Judith Bingham – Evening Canticles, Collegium Regale

by 5:4

Today’s Advent Calendar offering is an unusual setting of the familiar evening canticles by British composer Judith Bingham. The Anglican service of Choral Evensong is one of the driest and dustiest places for new music to exist in, but whereas the majority of new works written for it fully conform to its overwhelming weight of tradition and expectation, Bingham’s 1995 setting, composed for King’s College, Cambridge, goes somewhere a lot more interesting in terms of both drama and musical / emotional invention.

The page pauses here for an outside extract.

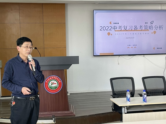 3月4日紀中浪網(wǎng)中學邀請沈偉忠專家到學校開展2022年中考復習備考策略分析專題講座。學校初三全體教師、初一和初二全體備課組長,以及所有空課的教師在學校教師會議室共同聆聽了這場精彩的講座。

It would be pushing it to describe them as radical, but the opening bars of the Magnificat certainly indicate a more heightened musical environment. The organ initiates a staccato idea that remains persistent throughout (and reappears in the Nunc dimittis too), underpinned far below by slow, undulating pedal notes. Of itself, it’s an idea that sounds cheerful, even playful – and for an upbeat text like the Magnificat why wouldn’t it? – yet in combination with the pedals there’s something not exactly ominous but unsettling about it. Whether or not this is borne out in the way the choir begins is a judgement call: are their harmonies and their manner elated or anguished? Both? It’s a collision of emotional possibilities that makes the Magnificat so compelling, offering a nuanced response to these words of ostensibly straightforward glorification. Perhaps the best word would simply be “excruciating” – one way and/or the other, there’s a profound, almost painful intensity at the heart of each and every phrase. Bingham’s chords don’t conventionally resolve (could almost be said not to conventionally progress, at times suggesting stasis), their inner notes crunching and beating against each other in weird blocks of wonderfully diverse colour and clarity. This is contrasted by occasions when the voices break apart, either to unleash soaring individual lines (“For, behold, from henceforth”) or to articulate a more awestruck response to “fear” and “strength”. They become practically dance-like briefly at “the rich he hath sent empty away”, contrasted by a rich, rising radiance at the reference to “Abraham and his seed for ever”. But the music is at its most telling when the choir acts as one, reprising the opening in the doxology, those scrunchy chords even more intense and powerful second time around; the concluding “Amen” is just amazing, like a blazing streak of focused fire.

More contrasts with convention come in the Nunc dimittis, a text that usually gets subjected to dismal music of tired sobriety. Bingham immediately whisks the organ, and soon after the voices, far up into the stratosphere, falling quickly back down to earth in a deep affirmation of “thy word”. It’s an undulating contour that’s echoed in the following lines, settling into a lyrical back and forth between upper and lower voices. And then comes the fire again: “to be a light”, immediately refocusing everything into a simmering column. The doxology is not a repeat from before but an elaborated, much more muscular take on it that, in keeping with the start of the Nunc, keeps pushing upward, only stabilising in its closing “Amen”, now projected as an arpeggiated, multi-layered heat.

This performance took place at King’s College, Cambridge, on International Women’s Day 2015, with the choir conducted by Stephen Cleobury.


Text
Magnificat

My soul doth magnify the Lord.
And my spirit hath rejoiced in God my Saviour.
For he hath regarded the lowliness of his handmaiden:
For behold, from henceforth all generations shall call me blessed.
For he that is mighty hath magnified me and holy is his Name.
And his mercy is on them that fear him throughout all generations.
He hath shewed strength with his arm: he hath scattered the proud in the imagination of their hearts.
He hath put down the mighty from their seat: and hath exalted the humble and meek.
He hath filled the hungry with good things: and the rich he hath sent empty away.
He remembering his mercy hath holpen his servant Israel:
As he promised to our forefathers, Abraham and his seed for ever.

Glory be to the Father, and to the Son: and to the Holy Ghost;
As it was in the beginning, is now, and ever shall be: world without end. Amen.

Nunc dimittis

Lord, now lettest thou thy servant depart in peace: according to thy word.
For mine eyes have seen: thy salvation,
Which thou hast prepared: before the face of all people;
To be a light to lighten the Gentiles: and to be the glory of thy people Israel.

Glory be to the Father, and to the Son: and to the Holy Ghost;
As it was in the beginning, is now, and ever shall be: world without end. Amen.